Is This What You Are Looking For?

Beware the House of Cards

AS BAD AS things are in the financial sector, America’s credit-card companies may not have seen the half of it. More and more consumers are falling behind on their monthly card payments as unemployment rises. This trend is expected to grow until 2010.

“We’re looking for a pretty material deterioration through 2009,” says Donald Fandetti, a specialty-finance analyst at Citigroup.

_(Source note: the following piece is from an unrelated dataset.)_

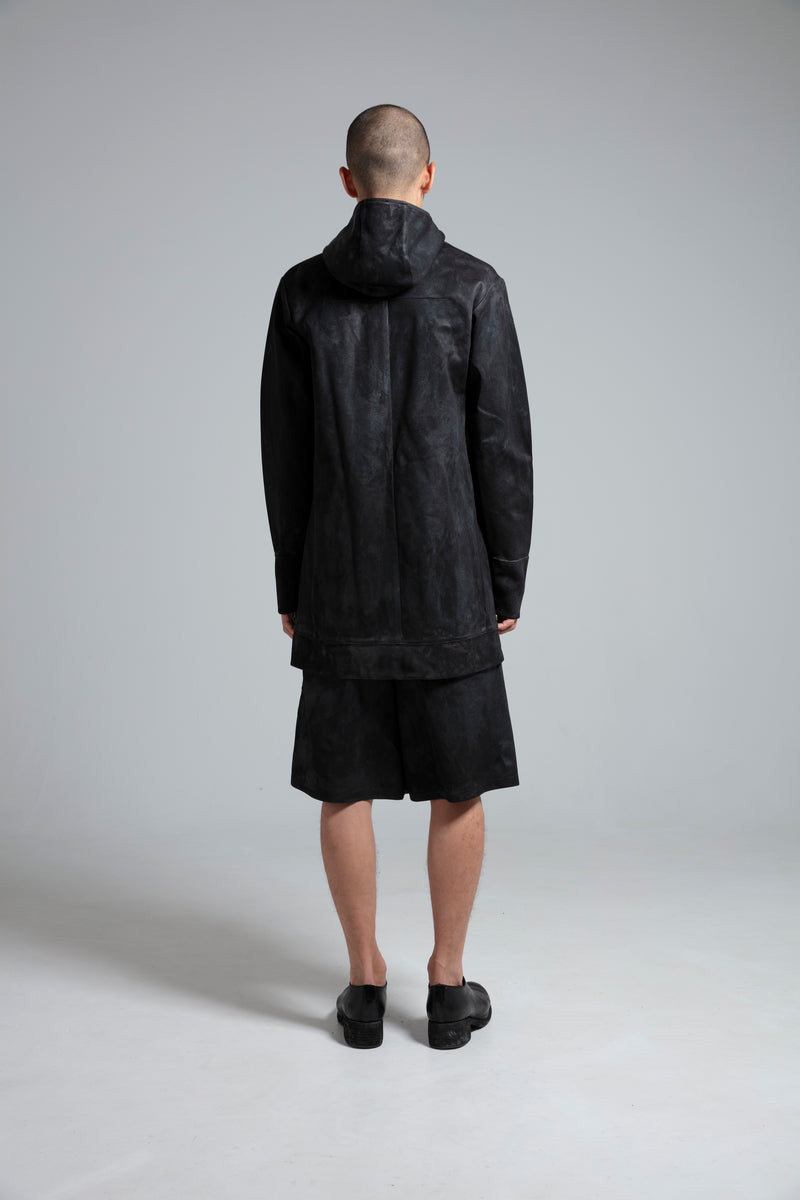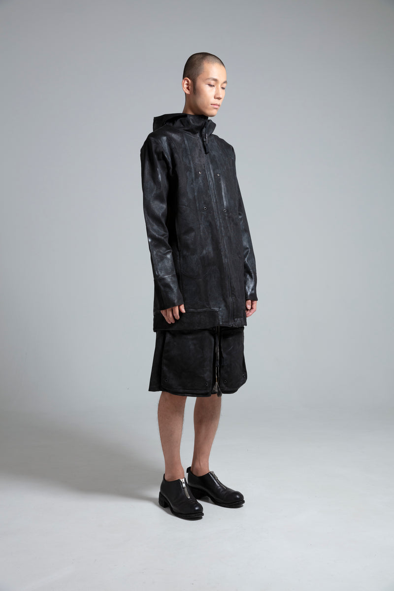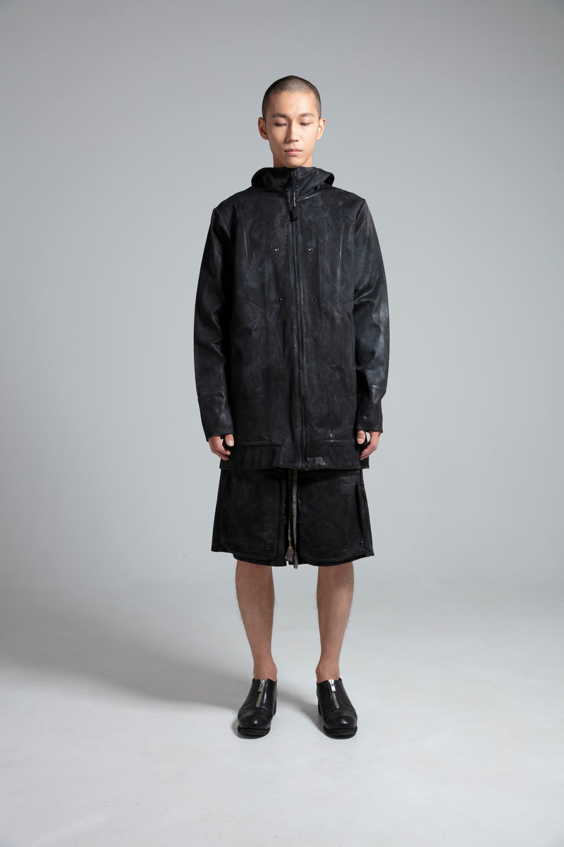 カジュアルゾーンに陥りがちなパーカというアイテムを、ロング丈設定をはじめとし、細部のディテールを磨き上げることで、緊張感のある衣服として成立させている。
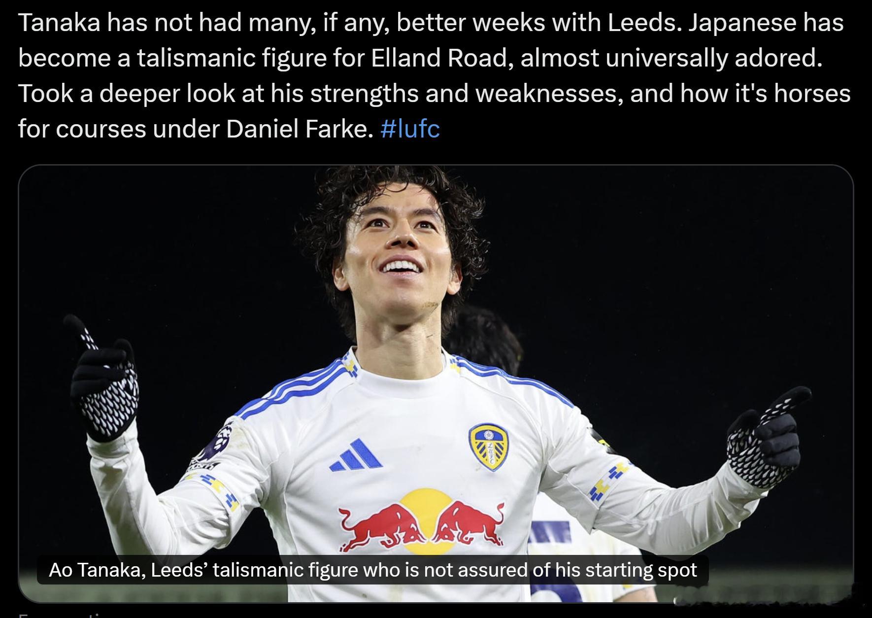 【The Athletic | 田中碧——利兹联那位拥有“图腾”气质、却并非铁打主力的中场核心】节选在主场作战时,当球队需要更多技巧或向前推进球权来撕开防线,田中碧往往能成为打开局面的关键人物。而在客场或主场面对硬仗时,球队可能更需要施塔赫或朗斯塔夫这样的身体对抗型中场。尽管目前田中的出场样本量仍然偏小,但数据清楚显示了他的前进传球(向前至少10码的传球或任何成功送入禁区内的传球)有多重要。在利兹联全队中,没有人能超过他场均4.75次的前进传球。在不含定位球的情况下,他完成进入对方最后三分之一区域的传球数也位居队内前列,场均3.77次,仅次于帕斯卡尔·斯特鲁伊克和安帕杜。不过有趣的是,尽管田中的传球极具前插意识,却很少直接转化为射门或创造机会。他更多是提供“助攻前的助攻”或倒数第二传。全队有7名球员的场均关键传球(能直接威胁球门的传球)高于他的0.82次。无球状态下,法尔克可能有所顾虑的一个明显短板是田中的抢断成功率——仅为29.4%。他场均尝试2.79次抢断,但成功次数只有0.82次。利兹联队内场均丢失对抗次数最多的正是田中(1.97次),不过朗斯塔夫1.94次紧随其后。田中真正令人印象深刻的是拦截和断球回收能力。队内场均拦截次数(1.97次)只有样本更少的詹姆斯·贾斯汀能超过他,而场均断球回收次数(5.08次)也仅逊于贾斯汀和安帕杜。虽然数据表明田中的抢断还有提升空间,但无人怀疑他敢于下脚、敢于对抗的决心。最近最经典的一幕,莫过于他对着切尔西的马洛·古斯托那记势大力沉的飞铲——正是这次抢断造就了卢卡斯·恩梅查的进球(尽管最终被判无效)。斯特鲁伊克先在切尔西半场深处完成了一次让全场沸腾的拼抢,随后田中碧又与古斯托争抢一个50-50球,他干净地赢得球权,直接把埃兰路看台掀翻。博格尔最终送出传中,恩梅查的进球虽被边裁示意无效,但这正是利兹联希望在中场发动机位置看到的田中碧。另外一场对阿斯顿维拉的比赛还出现了罕见一幕:田中碧在同一场比赛里被换上场又被换下场。他先是接连对沃特金斯和布巴卡尔·卡马拉完成凶狠铲断(因此吃到黄牌),随后维拉反击时他又试图封堵约翰·麦金。主裁判罗伯特·琼斯示意优势,麦金从田中脚下带球突围。法尔克赛后透露,第四官员当时警告他,再有一次幅度过大的铲断,这名中场就可能被红牌罚下。因此主教练只能忍痛将其换下。尽管田中碧在对利物浦比赛补时阶段打进扳平比分的宝贵进球让全队狂欢,但此前对利物浦的第三球失球时,法尔克在场边对他的表现极为愤怒——索博斯洛伊庆祝时,法尔克几乎要冲进场内。法尔克赛后新闻发布会上说:“无球防守时,我们前段时间一直是5-3-2,后来改成4-5-1,始终没有从中路压出去。但第82分钟2-2、情绪最激动的时候,我们突然从中路压上,留出了传球通道,而对手是世界级球队。两脚传球,他们就找到防线间的球员,再一脚直塞致命传中。我很恼火我们在那一刻失去了冷静。”“我没法掩饰,田中那一下压得太靠前,直接把通道打开了。但这也正是我们球队的特点——我们或许不够完美,有时候甚至有点天真,还需要更快适应顶级联赛的强度。”从比赛画面中可以看到,田中碧脱离了法尔克要求的中场五人横排,去压迫柯蒂斯·琼斯,结果被对手简单传球绕开,田中失位,赫拉芬贝赫直接获得大片空当前插。在对切尔西打进那脚世界波之前,田中碧其实还有过几次糟糕的射门尝试: 第3分钟,他接卡尔维特-勒温的横传直接把球踢飞; 第23分钟,和他后来进球位置几乎一样,却把球踢偏了很远; 第41分钟,他接到解围的角球后凌空抽射,皮球软绵绵地弹了两下后,偏出了球门15码。是的,世界波最终还是来了,但之前的几次处理都说明一个问题:田中碧总能跑到好位置,但终结能力亟待提高。田中碧并不完美,正如法尔克反复强调的整支球队都不完美,但他就是能在埃兰路拥有那种“图腾”般的号召力。他既是不可或缺的球员,又因为施塔赫、朗斯塔夫截然不同的风格而必须被纳入轮换体系。具体情况具体分析,即便面对像田中这样来自埃兰路球场的优秀选手也是如此。

Charge-offs of bad card debt, or losses, have risen to an annualized 6.6% of balances from 4.6% a year ago and may keep climbing until 2010, when unemployment is expected to peak, according to Fandetti and others. With the housing market in decline and the economy contracting, the charge-off rate is almost sure to exceed the historical high of 7.5% — and many in the business are bracing for double-digits.

All of which is good reason for investors to be wary of the group, despite low valuations on the stocks.

The industry’s most prominent members are American Express (AXP); Bank of America (BAC); Citigroup (C); Capital One Financial (COF); Discover Financial Services (DFS); and JPMorgan Chase (JPM).

My encouragement, BE WARY of buying to much of these guys for a little while longer. If you have to own financials, look at BB&T and Wells Fargo. Again, this is only a recommendation and not a true order to buy! HAHAHAHA! Move slowly and look at their numbers!